Your browser doesn’t support HTML5
“Kami mengajak anak-anak kami ke sini untuk melihat bahwa, ternyata Tionghoa itu juga ada yang super minoritas, secara ekonomi juga minoritas," papar Michael Andrew, salah seorang guru pendamping dari SMA Katolik St. Hendrikus Surabaya.
"Di sini juga masih ada sembahyangan yang agamanya juga minoritas, agama Konghucu, dan kehidupannya unik,” tambahnya.
Para pelajar itu menyusuri gang-gang sempit di kampung pecinan Tambak Bayan, dan melihat secara langsung kehidupan sehari-hari warga etnis Tionghoa yang telah berasimilasi dengan warga etnis lain.
Wiwin, salah seorang siswi mengatakan, kehidupan masyarakat di kampung ini menggambarkan interaksi yang menghargai perbedaan dan menghormati satu sama lain, meski dari etnis dan latar belakang sosial budaya yang berbeda.
“Mereka sangat-sangat erat ya. Rukun sekali, meskipun dari suku Jawa, dari suku Tionghoa. Ada juga yang Batak. Mereka tetap mau bersatu, mau menghargai, mau berkegiatan satu sama lain. Mereka pernah waktu itu ibadah bersama di sini dalam rangka merayakan Chinnes New Year,” ujar Wiwin.
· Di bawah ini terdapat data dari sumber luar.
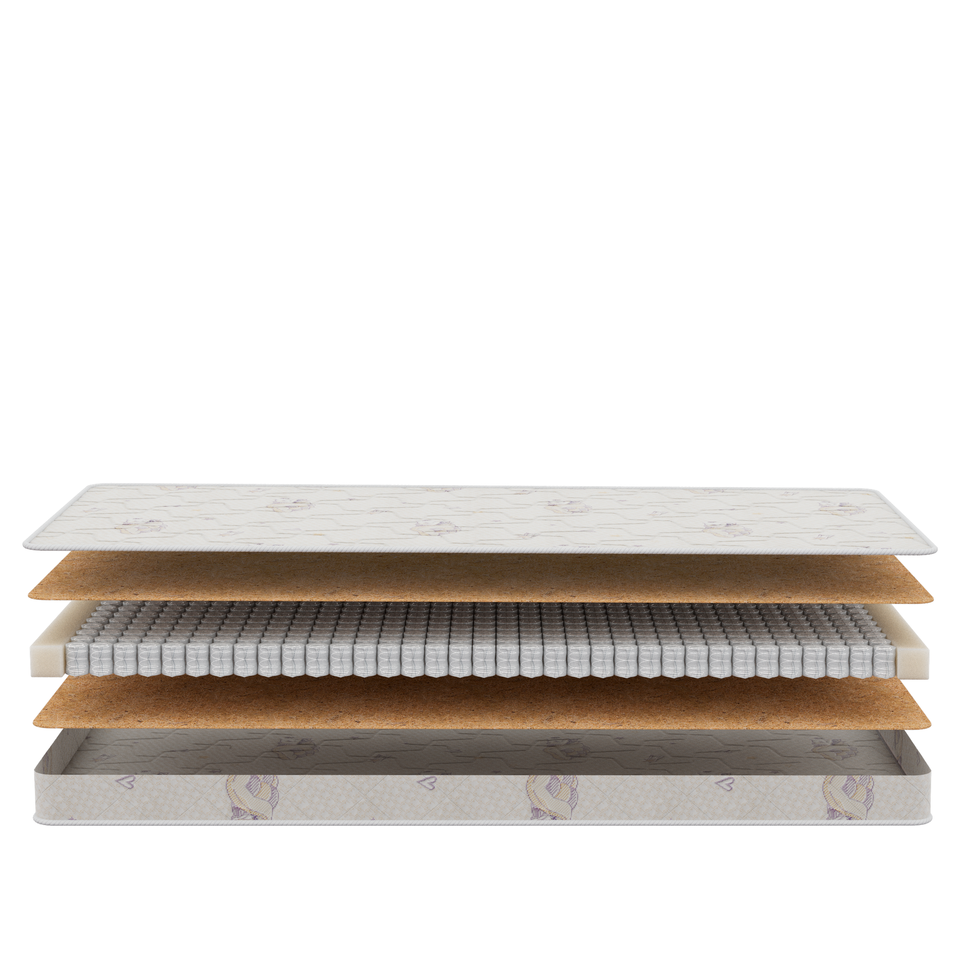 Наполнитель матраса - кокосовая койра, которая известна своими гипоаллергенными свойствами и способностью поддерживать оптимальную температуру тела. Это делает матрас безопасным и комфортным для использования даже для самых маленьких детей.
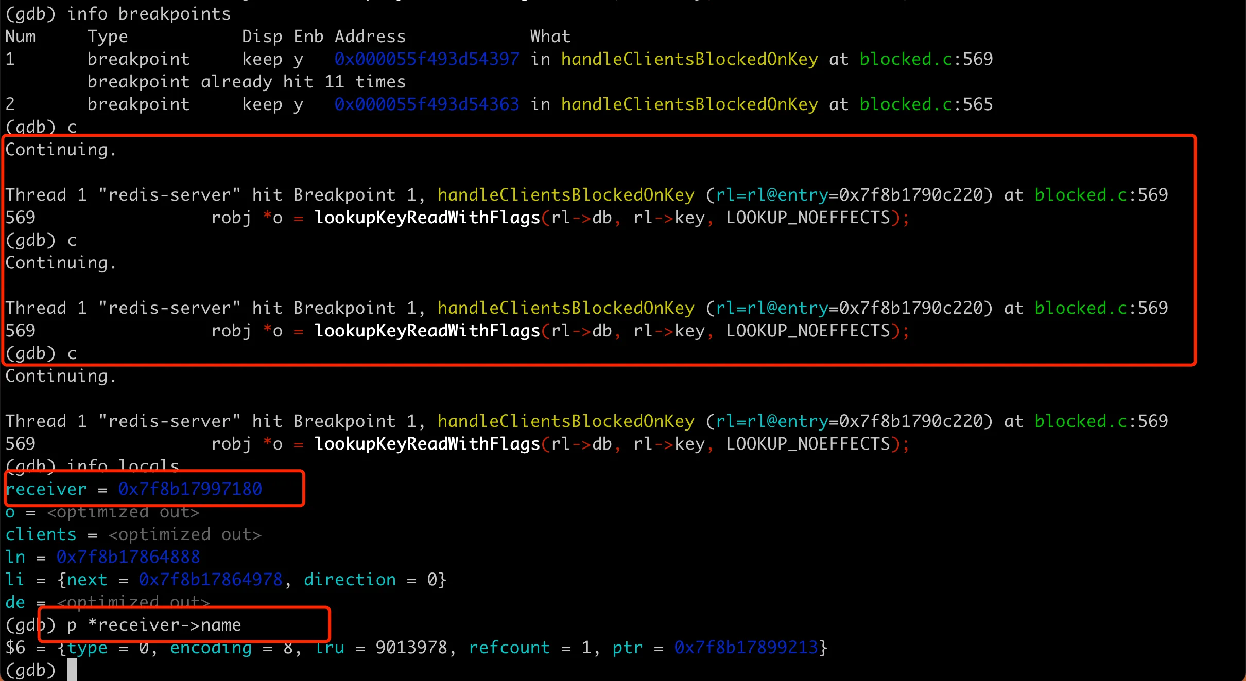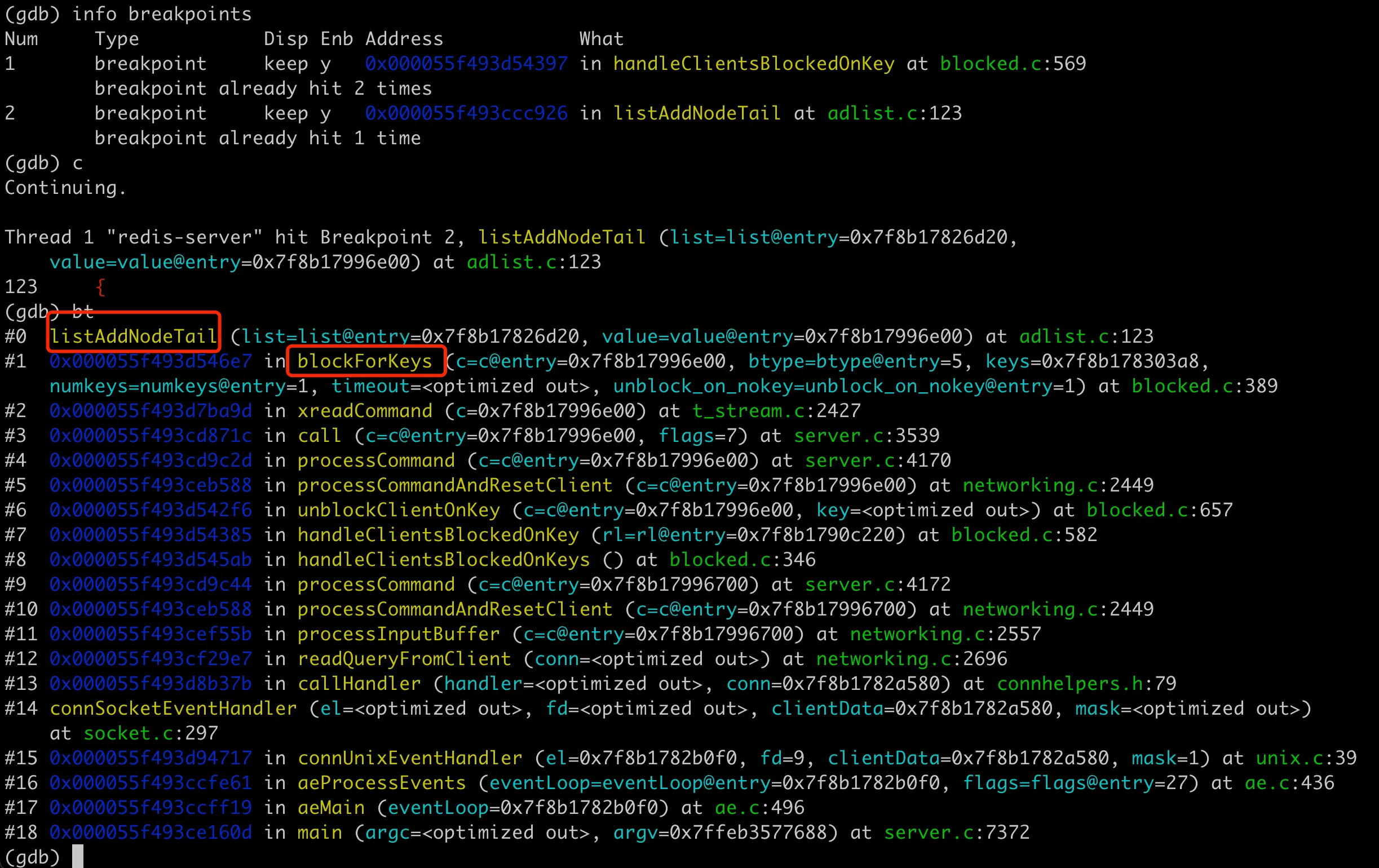 考虑到 Redis server 进程还在,我们可以用 GDB attach 到进程上,打断点看下具体的执行过程。在火焰图上看到的比较耗时的 handleClientsBlockedOnKey 函数里面有 while 循环语句。而 CPU 飙满的话一般都是死循环,为了验证是不是有死循环在这个 while 里,可以在 whil 前面的 565 行和里面的 569 行打上断点,然后 continue 多次进行观察。

Tirza, seorang siswi yang lain menuturkan, meski hidup dengan ekonomi terbatas, masyarakat di kampung pecinan Tambak Bayan tampak menjalani kehidupan tanpa beban.
BACA JUGA: TPS Bhinneka Tunggal Ika di Surabaya, Bawa Pesan Persatuan dan PerdamaianMereka saling berbagi dalam kehidupan sehari-hari, misalnya menggunakan fasilitas mandi dan dapur secara bersama-sama. Masyarakat di kampung pecinan Tambak Bayan hidup bahagia karena menganggap tetangganya adalah seperti keluarga sendiri.
“Tingkat kebahagiaan mereka lebih tinggi dari pada orang-orang di perkotaan, yang tinggal di daerah perumahan,” ujar Tirza sambil memuji toleransi di kawasan itu. Pasalnya, meski beragam suku, masyarakat tetap mempertahankan budaya Tionghoa.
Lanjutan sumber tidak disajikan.